August 31, 2019

[Book Review] Penyap - Sayyidatul Imamah (Versi ARC)

Judul: Penyap
Penulis: Sayyidatul Imamah
Genre: Teenlit
Perkiraan rilis: Oktober, 2019
Tebal: 319 halaman
Bahasa: Indonesia
Penerbit: Storial Publishing
ISBN: -
Harga: IDR. -
Rate: ★★★★☆


B l u r b :

Bagi Leo Sebastian, hidup adalah lorong-lorong gelap berliku. Di dalamnya, ia tersaruk-saruk sendirian. Leo keliru. Di dalam kegelapan itu, ia bertemu Anasera. Gadis itu mengisi kekosongan yang selama ini menguasai Leo.

Bagi Anasera, hari esok adalah sebuah dinding tebal. Ia tidak bisa melihat apa pun di balik tembok itu. Namun, berkat Leo, Anasera mulai berani mengirimkan mimpi-mimpinya ke masa depan.

Sejak pertemuan mereka di rel kereta api saat itu, pelan-pelan cahaya mulai terkuak. Leo tersenyum dengan keyakinan bahwa hidup tidaklah sekosong itu dan bersama Leo, Anasera merasa hidupnya berharga. Namun, ketika mereka pikir semuanya akan baik-baik saja, sesuatu terjadi.

*

Pertama, aku ngerasa beruntung banget karena terpilih menjadi salah satu dari 20 bookstagram yang berkesempatan membaca dan mengulas novel ini versi ARC. Bangga banget loh bisa baca duluan sebelum bukunya resmi terbit, hehe.... Bulan lalu aku baca novel dengan tema yang sejenis dengan ini, judulnya Represi, di mana tokoh utamanya juga memiliki kecenderungan untuk bunuh diri.
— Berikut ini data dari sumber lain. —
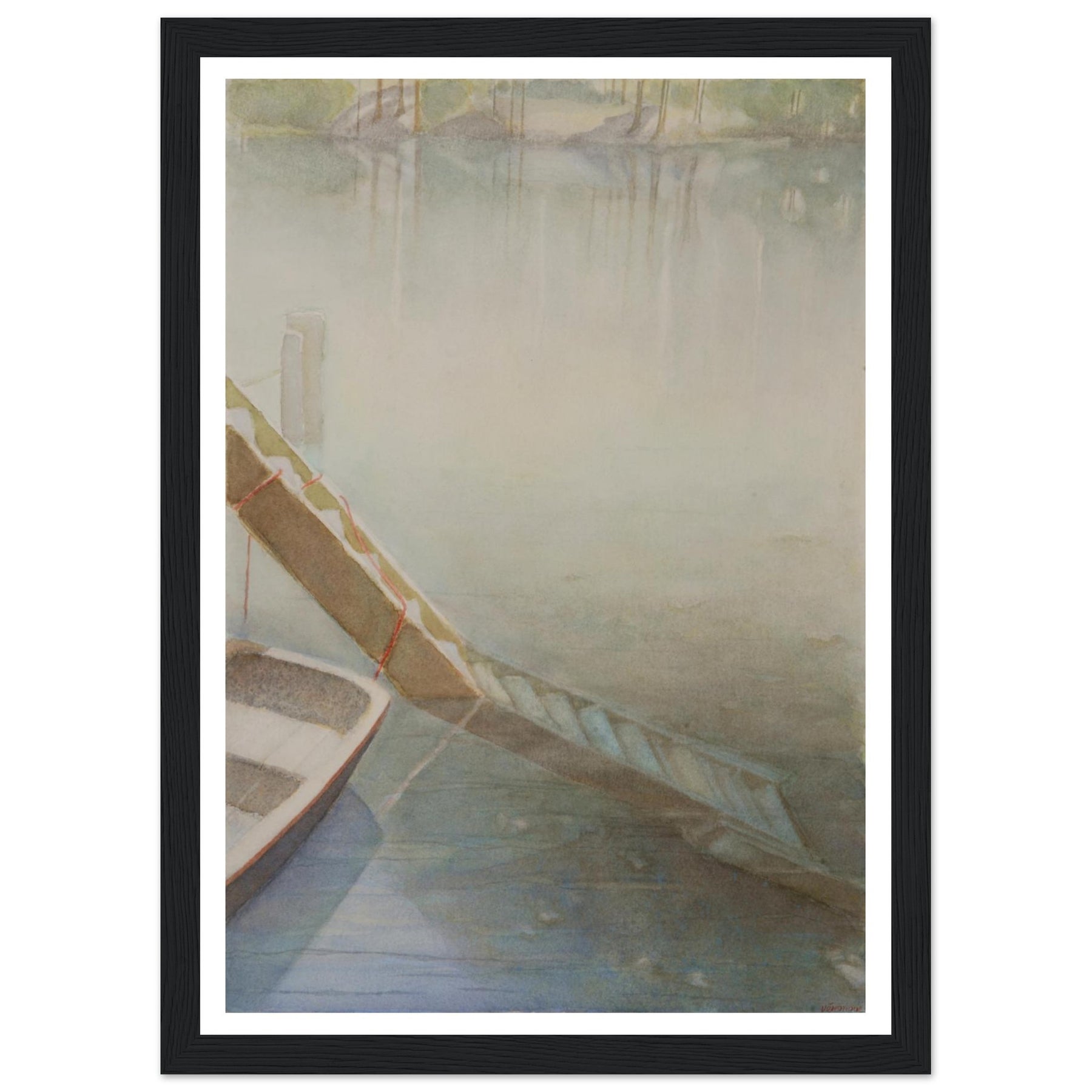 “Foschia sul Lago” evokes the stillness of early morning light over a quiet lake, where mist hangs like breath on glass. This delicate watercolor captures the solitude of a docked rowboat and the soft gradients of water and air. A perfect piece for creating a serene, contemplative space, this artwork invites the viewer to pause and exhale—ideal for bedrooms, reading nooks, or calm and reflective spaces.

Tapi jika dipandang dari sudut pandang emosional, Penyap ini jauh lebih emosional.

Dari blurb-nya saja kita sudah bisa merasakan kalau aura buku ini dark. Kelam. Kenyataannya, memang begitu adanya. Seringnya novel teenlit mengusung tema percintaan remaja dan sejenisnya, berbeda dengan Penyap, novel ini mengusung tema mengenai mental illness—plus penderita leukimia limfosit akut. Leo yang seorang penderita mental illness bertemu dengan Anna yang menderita leukimia limfosit akut. Mulanya mereka merasa hidup mereka percuma, jadi bunuh diri adalah pilihan yang tepat untuk mengakhiri segalanya. Pertemuan Leo dan Anna di rel kereta menjadi awal mula kedekatan mereka. Yah, meski mereka itu sebenarnya satu sekolah, mereka berdua tidak pernah bertegur sapa. Leo terkenal sebagai murid bandel yang berada di ambang drop out, sementara Anna jarang masuk sekolah karena fokus dengan penyembuhan penyakitnya.

Dari tidak pernah, kini menjadi terbiasa.
Hubungan Leo dan Anna menjadi dekat. Leo merasa baru kali ini ada seseorang yang benar-benar 'memandangnya', tak peduli seperti apa keadaannya. Pun juga dengan Anna yang mendapatkan kembali semangatnya untuk melawan penyakitnya. Sederhananya, mereka berdua menemukan sebuah alasan untuk hidup. Jadi jangan bayangkan kalau buku ini berisi cerita tentang sepasang kekasih yang salah satunya berada di ambang maut, sementara yang satunya lagi selalu berada di sisinya, menikmati waktu bersama selagi mereka bisa. No! Big no! Novel ini lebih menyorot mengenai mental illness serta perjuangan untuk melawannya.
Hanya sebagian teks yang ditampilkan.